NNEDI OKORAFOR
The Palm Tree Bandit
Shhh, shhh, concentrate on my voice, not the comb in your hair, okay? Goodness, your hair is so thick, though, child. Now I know you like to hear about your great-grandmother Yaya, and if you stop moving around, I’ll tell you. I knew her myself, you know. Yes, I was very young, of course, about seven or eight. She was a crazy woman, bursting with life. I always wanted to be like her so badly. She had puff puff hair like a huge cotton ball and she’d comb it out till it was like a big black halo. And it was so thick that even in the wind it wouldn’t move.
Most women back then wore their hair plaited or in thread wraps. You know what those are, right? Wrap bunches of hair in thread and they all stick out like a pincushion.
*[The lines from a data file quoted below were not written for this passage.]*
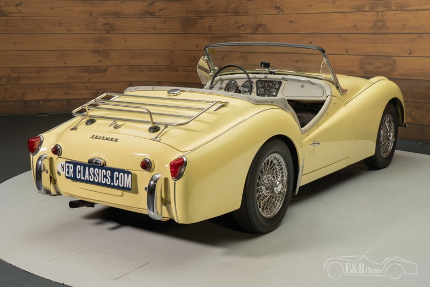 Triumph TR3A met chromen spaakwielen te koop De Triumph TR3A die we hier te koop aanbieden verkeert optisch in een goede staat. Hij is voorzien van een geel lakwerk en diverse extra’s zoals een chromen bagagerek, zwarte soft top, grijze tonneaucover en chromen spaakwielen. Het grijze interieur heeft hier en daar wat gebruikssporen die helemaal passen bij het karakter van deze British Classic Car. Kortom, een technisch zeer goed onderhouden Triumph TR3A die helemaal klaar is voor zijn nieuwe eigenaar.
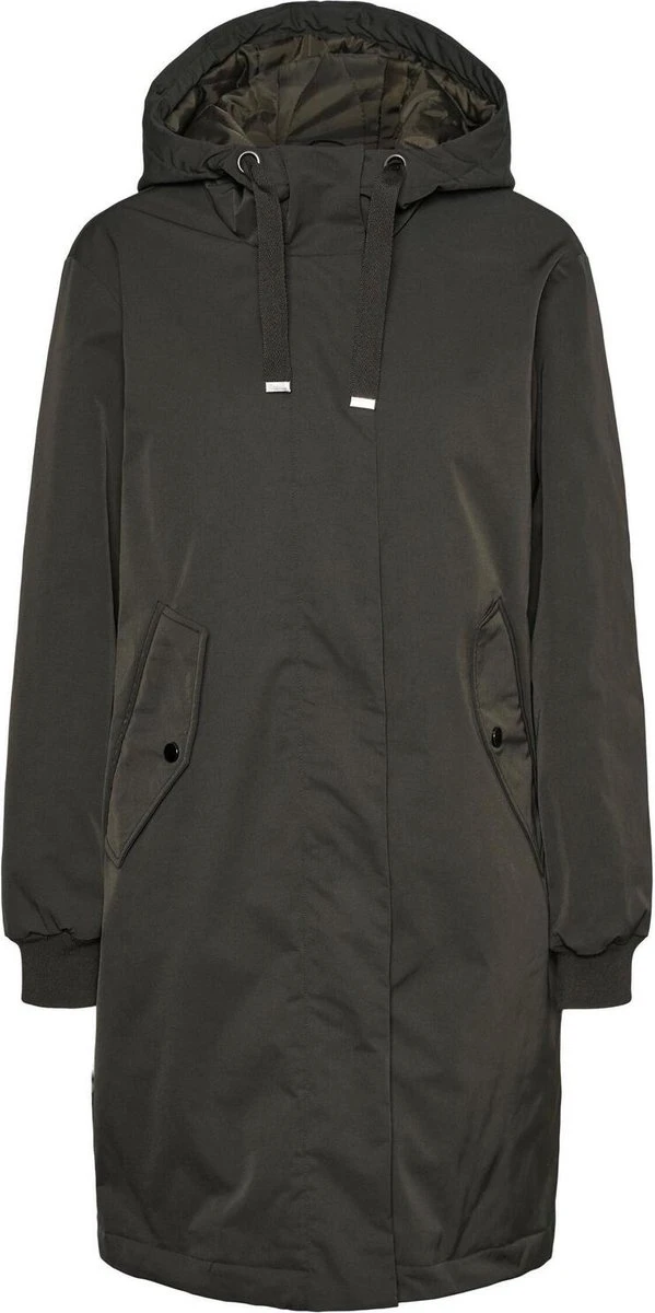 Zomerjas van Vero Moda. Dit model heeft lange mouwen met een ribgebreide boord en een vaste capuchon. De jas is voorzien van twee klepzakken die sluiten met een drukknoop. De jas sluit met een rits en drukknopen. Drogen aan de waslijn, Lauw strijken max 110°c, Machinewas 30°c fijne was, Niet bleken, Niet in de droger, Stomerij
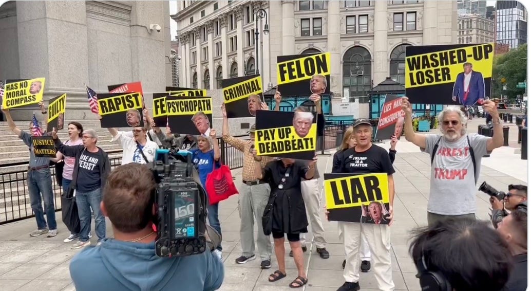 On Friday, while his son Barron was starting his first week of college over at NYU, probably taking Gender Studies classes in between smoking jays with the Naughty Knitters Club, his daddy was a few blocks downtown, trying to weasel out of his $5 million sexual assault judgment in the E. Jean Carroll defamation case.
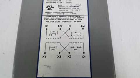 Emerson HS1F750B .75KVA Transformer 240/480V Pri 120/240V Sec Single Phase 3R
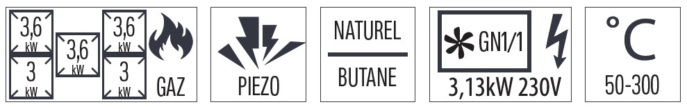 - Puissance : 3 x 3 600 w + 2 x 3 000 w gaz + 3 100 w / 230 v
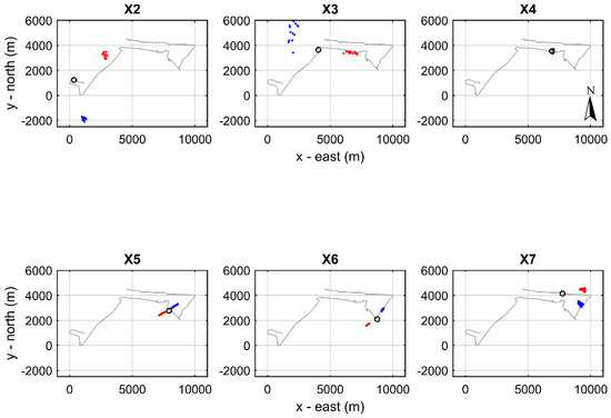 Estimated horizontal positions for sperm whale X during stations X2–X7; the two families of solutions are marked by dots of different color (blue and red). The vessel track and middle position during each station are marked by a light line and a circle, respectively.
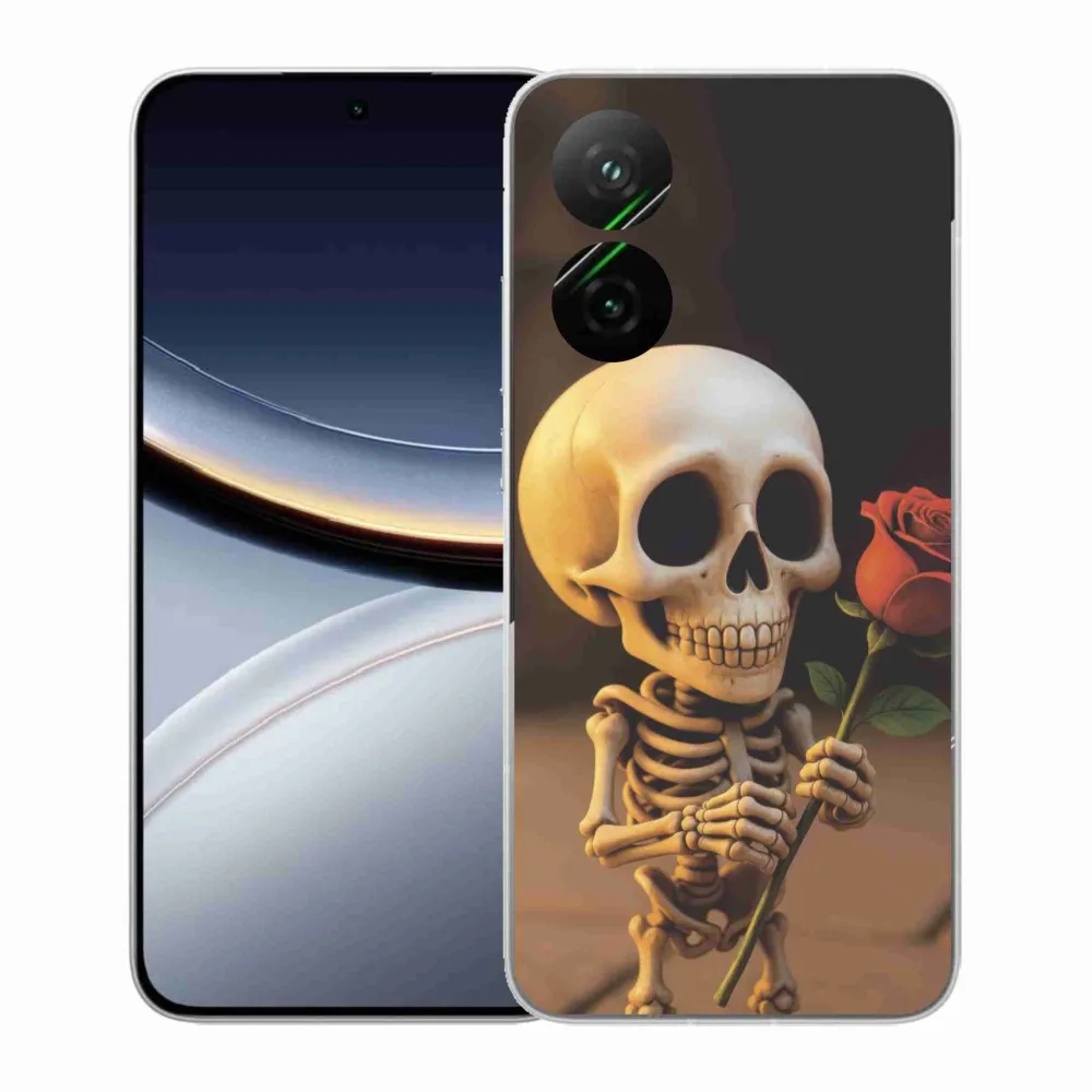 Púzdro na Xiaomi Poco F7 5G - kostlivec s ružou poskytuje všetky výhody gélových obalov, a to v zaujímavom dizajne.

They still wear them like that today, in all these intricate styles. You’ll get to see when you visit Nigeria this Christmas. Hmm, I see you’ve stopped squirming. Good, now listen and listen close. Yaya sometimes wore a cloak and she’d move quieter than smoke.
In Nigeria, in Iboland, the people there lived off yam, and in good times they drank palm tree wine. Women were not allowed to climb palm trees for any reason—not to cut down leaves or to tap the sweet milky wine. You see, palm wine carried power to the first person to touch and drink it. Supposedly women would evaporate into thin air because they weren’t capable of withstanding such power. Women were weak creatures and they should not be exposed to such harm. Shh, stop fidgeting. I’m not braiding your hair that tight. I thought you liked to hear a good story. Well then, behave.